Stinger moved into the living room, glancing up. "You lot, the ones who went out with the queen. To me," he ordered, and closed his eyes. Within moments he stood covered in bees, a thick, moving beaded blanket of them over his shoulders and chest, crawling through his shock of hair and along his craggy face. The sight might have sent some screaming, but Stinger merely slowed his breathing and let the hum reach into his hearing and connect with the part of his mind that understood.
/Good/ Came the first impression /Of the hive/
/Yes I know you like her/ Stinger impatiently acknowledged. /What's wrong with her/
A sense of agitation rose, and with it, an odd reluctance on the part of the bees. Stinger waited for them to settle down, and they did, but not before leaving him with an impression it was something they didn't want to speak about.

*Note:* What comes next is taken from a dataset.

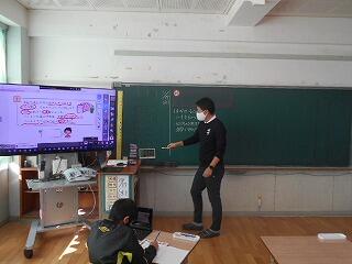 授業の際には、タブレットの活用と同時に黒板の板書やノートの取り方を大切に考えているため、簡潔に板書していきます。

He pressed. /What's wrong with her/
Now the buzzing was atonal, confused. Stinger tried to stay calm but his hive grew tense, and he felt the prickle of their feet digging in against his skin.
This hadn't happened in ages, he realized. Not since his arrival in this planet. They were resisting him, and rather than do damage, he allowed himself to hum.
The Drone's Song rose from him, calm and low; steady. Within a few moments the hive settled down again, and began to lift away from Stinger in patches—first his face, then his hair, then his shoulders. One pokey worker made her way to the rim of his ear before taking off, flicking it lightly and making him frown.
He looked upwards. "All right. Something's wrong and I'll find out from her myself."
And he would, Stinger told himself. Any secret that could work his hive up like this was dangerous.